Has the core line of defense been breached? Anthropic’s mysterious model Mythos reportedly leaked

According to the latest in-depth investigation released yesterday (4/21) by TechCrunch and Bloomberg, the highly confidential cybersecurity model “Mythos” developed by AI giant Anthropic has been illegally obtained and used by an unauthorized organization. This tool, codenamed Mythos, is designed specifically for extremely complex cyber defense and attack simulation, and it has the ability to automatically identify zero-day vulnerabilities and penetrate highly encrypted infrastructure.
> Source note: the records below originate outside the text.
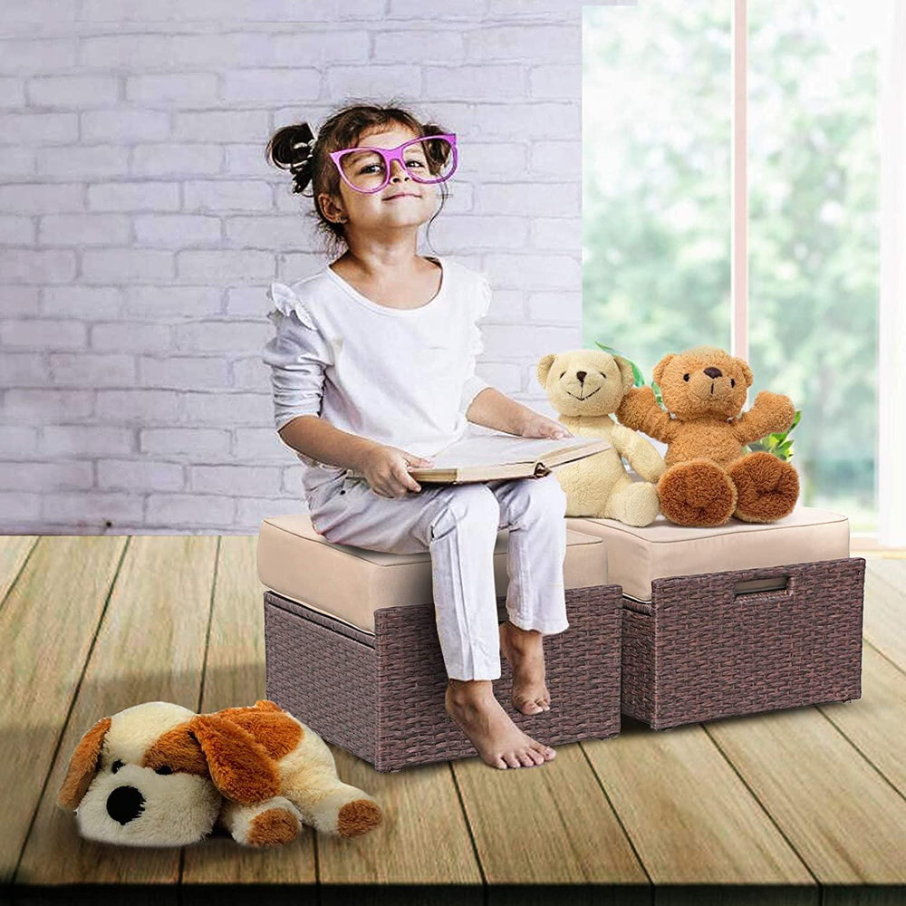 - Stylish and Easy to Maintain: Classic brown rattan with beige fabric; wipe clean with a damp cloth.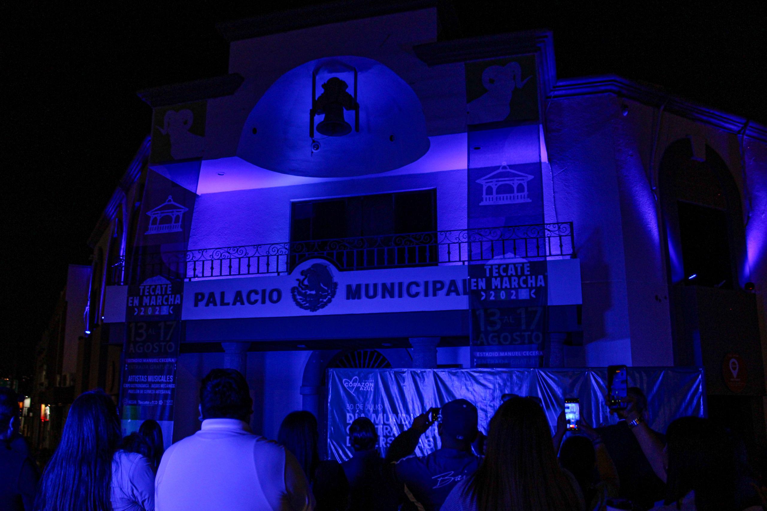 • Como parte de la conmemoración del Día Mundial contra la Trata de Personas, la noche de este lunes el Palacio Municipal de Tecate fue iluminado de color azul, en un acto simbólico que representa la esperanza, la solidaridad y el compromiso del Gobierno Municipal en la lucha contra este delito que vulnera los derechos humanos de miles de personas alrededor del mundo.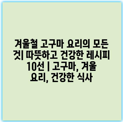 겨울철 고구마 요리의 모든 것| 따뜻하고 건강한 레시피 10선 | 고구마, 겨울 요리, 건강한 식사 겨울이 되면 생각나는 고구마는 따뜻하고 포근한 맛으로 우리를 위로해줍니다. 이번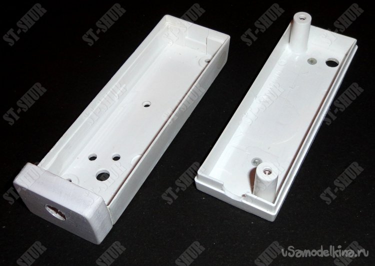 Лишние отверстия, имевшиеся в корпусе, были заклеены. В нижней части корпуса пластиковой полоской толщиной 0,6мм. В верхней части корпуса информационной наклейкой.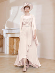 Illusion Neckline Ruffles Dress With Jacket Peach

Anthropic has long maintained an extremely closed access policy for this model, limiting usage only to certain defense contractors and core government units; however, this leak event shows that there is a major flaw in its internal cloud security protocols. Intelligence indicates that the unauthorized organization has successfully deployed a copy of Mythos on third-party private cloud servers, meaning that the security perimeter Anthropic prides itself on has already fallen. The scale of this data leak is enormous: the technical documentation and original model weights involved are estimated to be worth more than 500 million, and its suspected exfiltration path appears to be related to an API vulnerability within the supply chain.

This technology is currently out of control. Any group with basic development capability may use the model to launch unprecedented automated attacks on global financial systems or blockchain protocols, a development that has made cybersecurity communities in Silicon Valley and Washington, D.C. extremely anxious.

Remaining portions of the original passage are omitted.